After the "election," the bodies of outspoken former minister Altynbek Sarsenbaev and four members of his Nagyz Ak Zhol Party, reported Radio Free Europe, "were discovered on a desolate stretch of road outside Almaty on February 13, [2006], their bodies riddled with bullets and their hands bound behind their backs." As I write in my upcoming book about U.S. involvement in Central Asia, Silk Road to Ruin: Is Central Asia the New Middle East?, the Kazakh NSC (former KGB) "pinned the blame on Erzhan Utembaev, a former deputy prime minister then serving as head of administration of the Kazakh Senate, but political opponents and some militsia sources say Nazarbayev personally paid sixty thousand dollars to have him silenced." Again, there was no condemnation from the White House.
Cheney showed up to kiss up less than three months after the killings. The Bush Administration, hoping to convince the ruthless Nazarbayev to join its U.S.-backed Baku-Ceyhan Trans-Caucasus oil pipeline, remained silent about the Kazakh tyrant's unpleasant practice of dispatching his political critics.
"Since Cheney's May 5 visit with Nazarbayev," writes the Tribune, "opposition leaders pushing for democratic change in Kazakhstan are beginning to wonder about the Bush administration's commitment to the president's inauguration rhetoric."
Sergei Duvanov, deputy director of the Kazakhstan International Bureau for Human Rights and Rule of Law, accuses the U.S. of siding with vicious dictators against the millions of people they oppress. "Nazarbayev was very glad to hear what Cheney had to say, and understood it as carte blanche to come down harder on the opposition," Duvanov, a former journalist who spent a year and a half in a Kazakh prison on rape charges trumped up to silence his pro-democracy reporting, said. "He now understands that building democracy is not as important as oil and economic stability."
At first glance Kazakhstan appears to be booming.
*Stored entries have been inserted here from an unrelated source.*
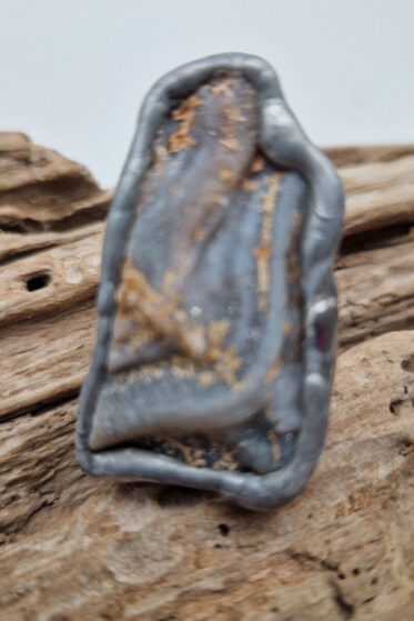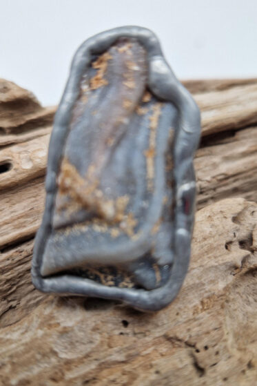 Duży, prostokątny pierścionek z prostokątnym białym, lekko perłowym oczkiem z naturalnym kamieniem o uroczej nazwie Selenit
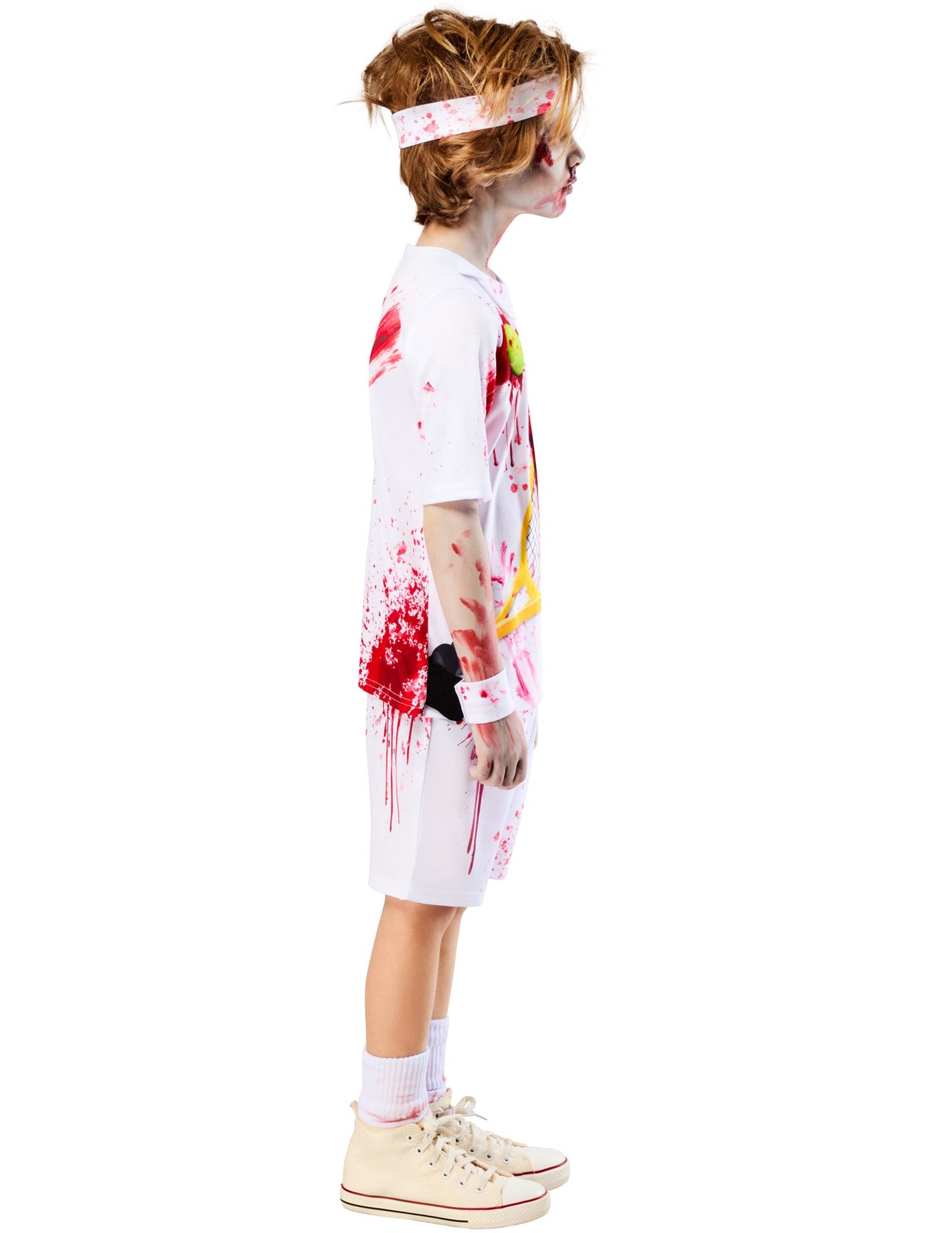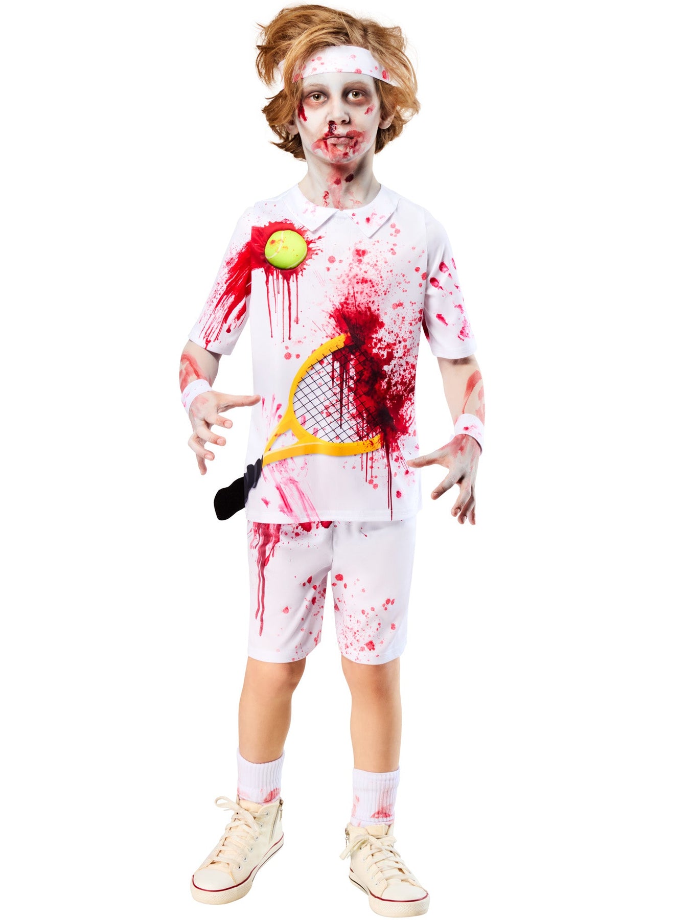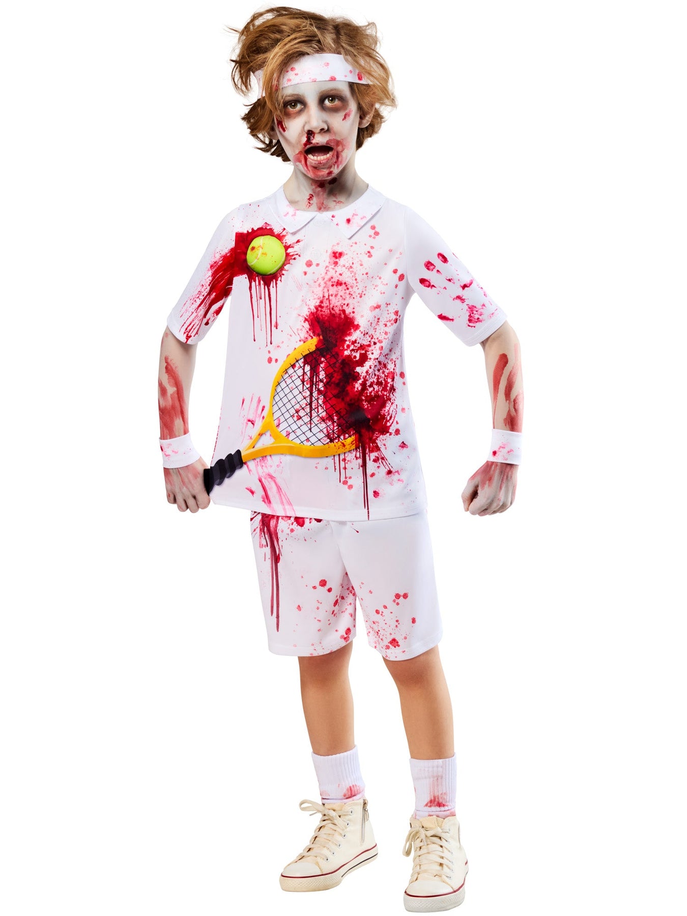 This funny Halloween tennis costume set combines sporty elements with zombie-themed details, perfect for kids seeking a unique and spooky outfit.
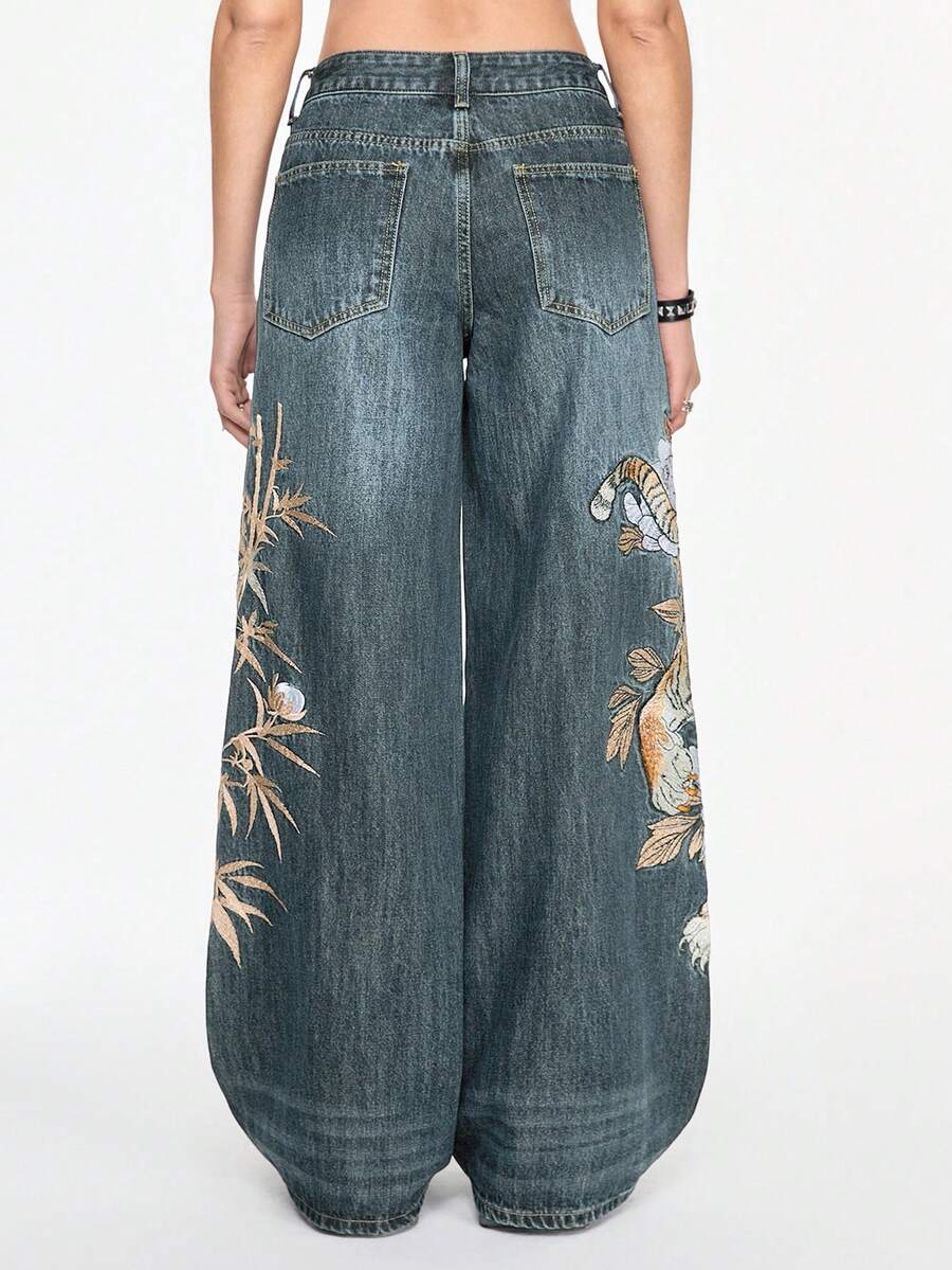Grunge Punk Jeans anchos y sueltos con bordado chino de tigre y flores, estilo callejero retro, unisex

The country is "overrun with construction cranes," reports the New York Times. Almaty has its first French restaurant. There's even a Kazakh edition of Cosmopolitan magazine. But there are two economies, one for a tiny portion of wealthy elites, the other for everyone else. The Red Cross says that "three-quarters of Kazakhstan's 15.7 million population [lives] below the poverty line." Poverty is getting worse as spending by corrupt government officials and their oil-connected benefactors fuels inflation.
Someday, inevitably, those millions of Kazakhs will liberate themselves from Nazarbayev's rule. They, not him, will control the world's largest untapped oil reserves. And they won't forget America's role in prolonging their agony.
Ted Rall is the author of "Silk Road to Ruin: Is Central Asia the New Middle East? ," an analysis of America's next big foreign policy challenge.